# [Exercise instructions]
Copy the complete listing word for word, but do not carry over any images.

# [Recorded information]
====================
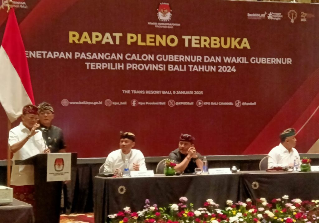 Denpasar, hariandialog.co.id– Komisi Pemlihan Umum Provinsi Bali menetapkan dan mensahkan pasangan Wayan Koster dan Nyoman Giri Prasta Sebagai Gubernur dan Wakil Gubernur Bali Priode 2025- 2030.Penetapan itu disampaikan Ketua Komisi Umum Provinsi Bali I Dewa Agung Gede Lidartawan Kamis ( 9/1-2025 ) di Kuta Badung Bali,dihadiri anggota KPU Bali serta unsur terkait.
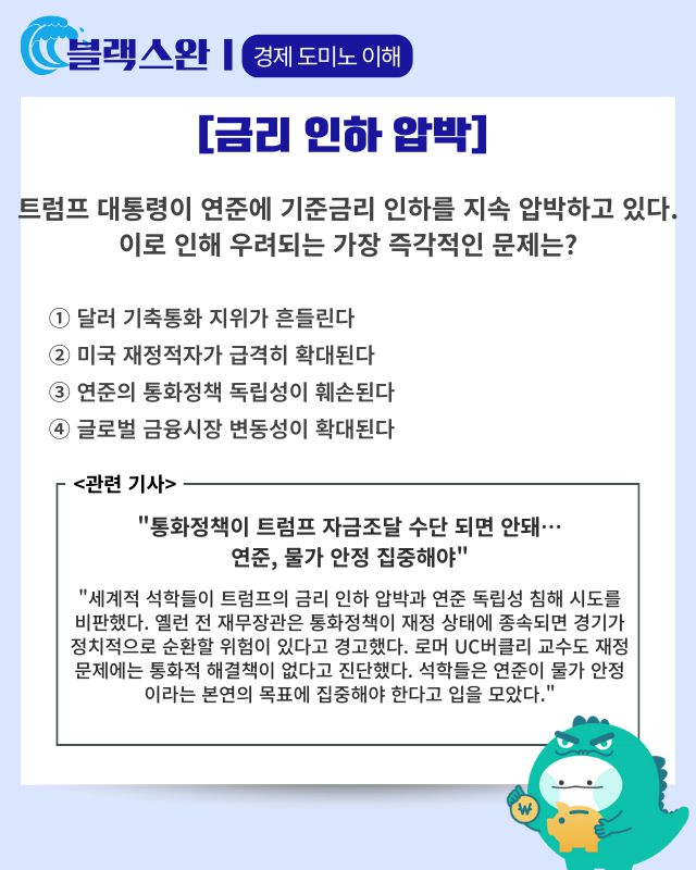 ▶ 기사 바로가기: “통화정책이 트럼프 자금조달 수단 되면 안돼···연준, 물가 안정 집중해야”
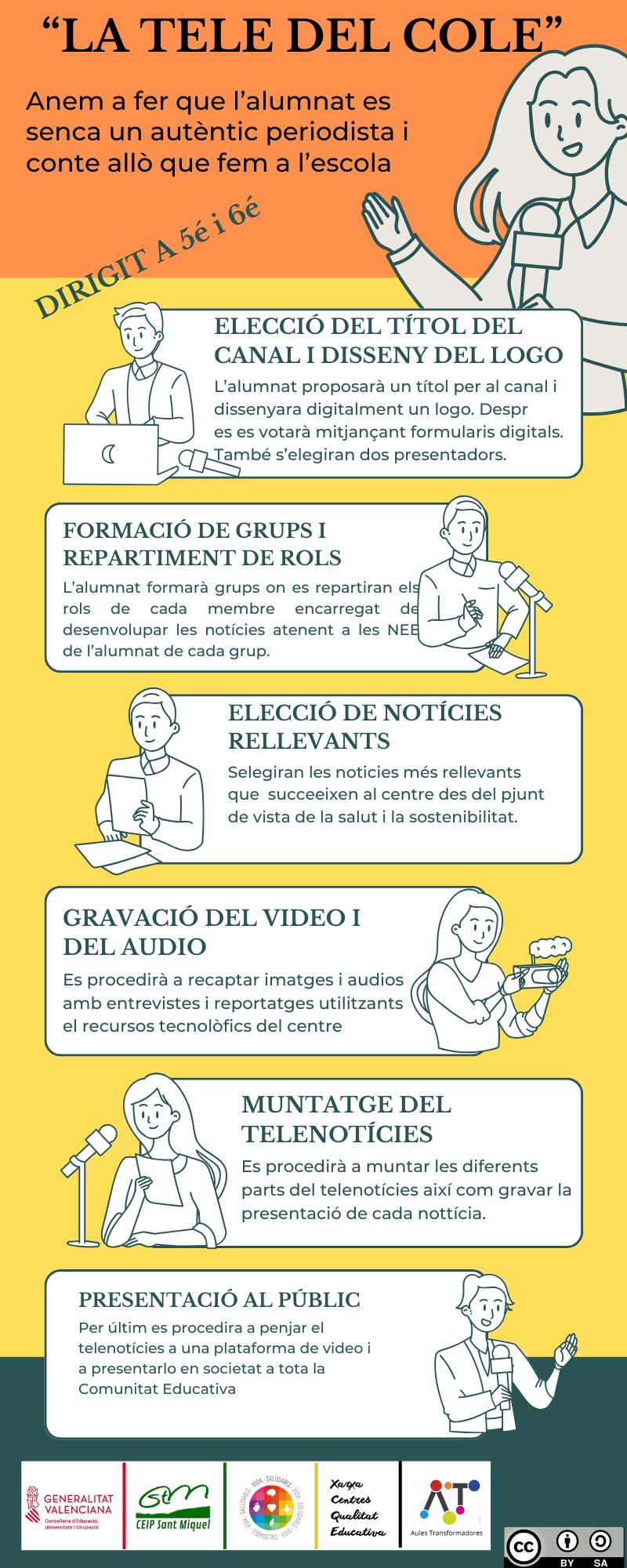 Et presentem aquesta activitat on podràs convertir el teu alumnat de 5é i 6é de primaria en autèntics periodistas que elegiran el títol del canal i el logo, redactaran les notícies més rellevants, gravaran la veu i les imatges i finalmente editaran tot l'informatiu per a presentar-lo a la Comunitat Educativa.
====================
# [Solution]
 Denpasar, hariandialog.co.id– Komisi Pemlihan Umum Provinsi Bali menetapkan dan mensahkan pasangan Wayan Koster dan Nyoman Giri Prasta Sebagai Gubernur dan Wakil Gubernur Bali Priode 2025- 2030.Penetapan itu disampaikan Ketua Komisi Umum Provinsi Bali I Dewa Agung Gede Lidartawan Kamis ( 9/1-2025 ) di Kuta Badung Bali,dihadiri anggota KPU Bali serta unsur terkait.
 ▶ 기사 바로가기: “통화정책이 트럼프 자금조달 수단 되면 안돼···연준, 물가 안정 집중해야”
 Et presentem aquesta activitat on podràs convertir el teu alumnat de 5é i 6é de primaria en autèntics periodistas que elegiran el títol del canal i el logo, redactaran les notícies més rellevants, gravaran la veu i les imatges i finalmente editaran tot l'informatiu per a presentar-lo a la Comunitat Educativa.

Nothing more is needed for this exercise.